**Problem**
Please repeat, exactly and without pictures, the lines of the entries below that run from the one containing "Peter Pauper Press" through the one containing "(¬3) في نسخة".

*** Exercise inputs Section Begins ***

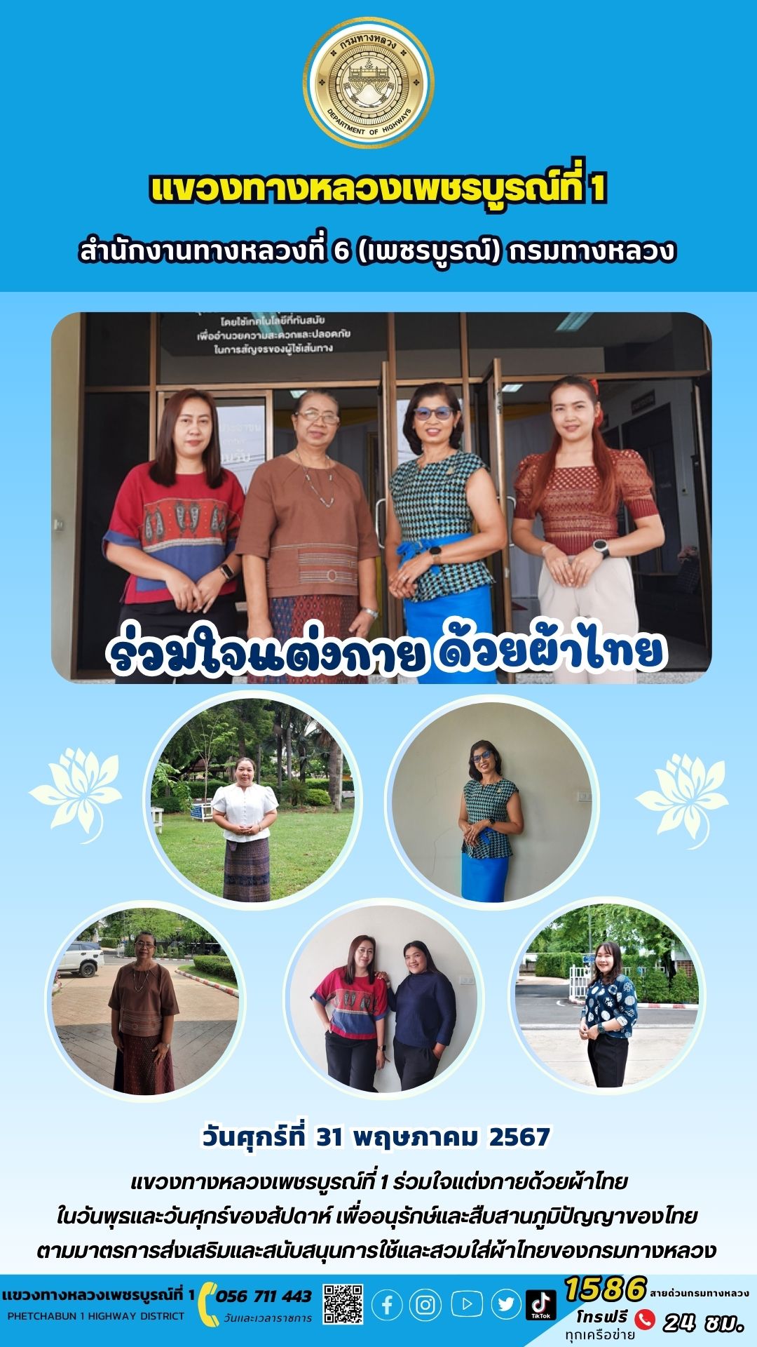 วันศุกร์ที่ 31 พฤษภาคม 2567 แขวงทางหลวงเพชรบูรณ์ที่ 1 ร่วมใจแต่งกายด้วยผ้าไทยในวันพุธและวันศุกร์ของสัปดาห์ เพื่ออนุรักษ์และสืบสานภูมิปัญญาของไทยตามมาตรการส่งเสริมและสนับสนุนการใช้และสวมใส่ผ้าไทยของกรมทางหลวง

*** Exercise inputs Section Ends ***
*** Exercise inputs Section Begins ***

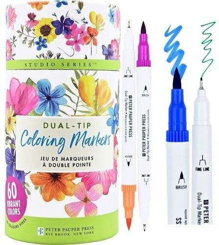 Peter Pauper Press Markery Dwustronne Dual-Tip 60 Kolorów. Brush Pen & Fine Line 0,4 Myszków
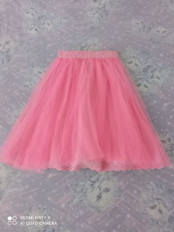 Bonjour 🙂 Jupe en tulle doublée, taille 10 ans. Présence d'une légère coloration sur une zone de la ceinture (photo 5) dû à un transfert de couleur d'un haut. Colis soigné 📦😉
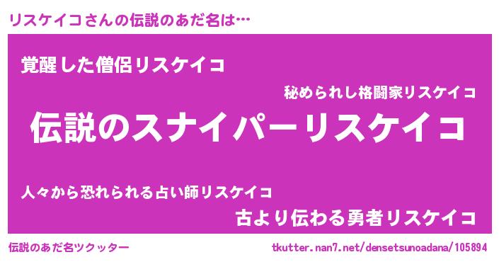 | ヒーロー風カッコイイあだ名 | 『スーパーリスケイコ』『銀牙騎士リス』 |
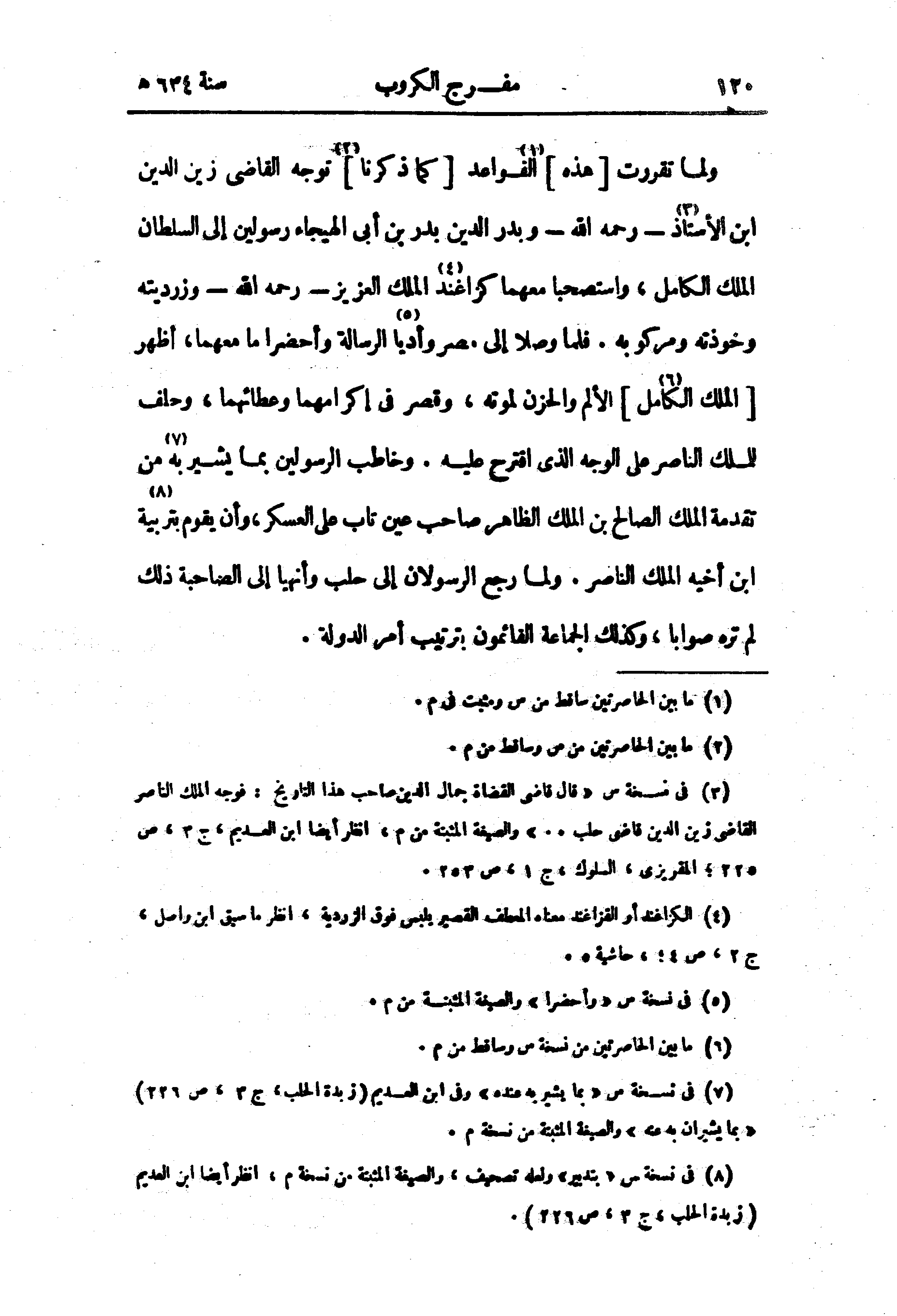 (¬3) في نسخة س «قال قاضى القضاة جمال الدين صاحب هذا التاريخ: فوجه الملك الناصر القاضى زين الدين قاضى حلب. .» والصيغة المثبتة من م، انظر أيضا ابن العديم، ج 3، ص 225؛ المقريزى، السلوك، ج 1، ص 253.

*** Exercise inputs Section Ends ***

**Output of the exercise**
 Peter Pauper Press Markery Dwustronne Dual-Tip 60 Kolorów. Brush Pen & Fine Line 0,4 Myszków
 Bonjour 🙂 Jupe en tulle doublée, taille 10 ans. Présence d'une légère coloration sur une zone de la ceinture (photo 5) dû à un transfert de couleur d'un haut. Colis soigné 📦😉
 | ヒーロー風カッコイイあだ名 | 『スーパーリスケイコ』『銀牙騎士リス』 |
 (¬3) في نسخة س «قال قاضى القضاة جمال الدين صاحب هذا التاريخ: فوجه الملك الناصر القاضى زين الدين قاضى حلب. .» والصيغة المثبتة من م، انظر أيضا ابن العديم، ج 3، ص 225؛ المقريزى، السلوك، ج 1، ص 253.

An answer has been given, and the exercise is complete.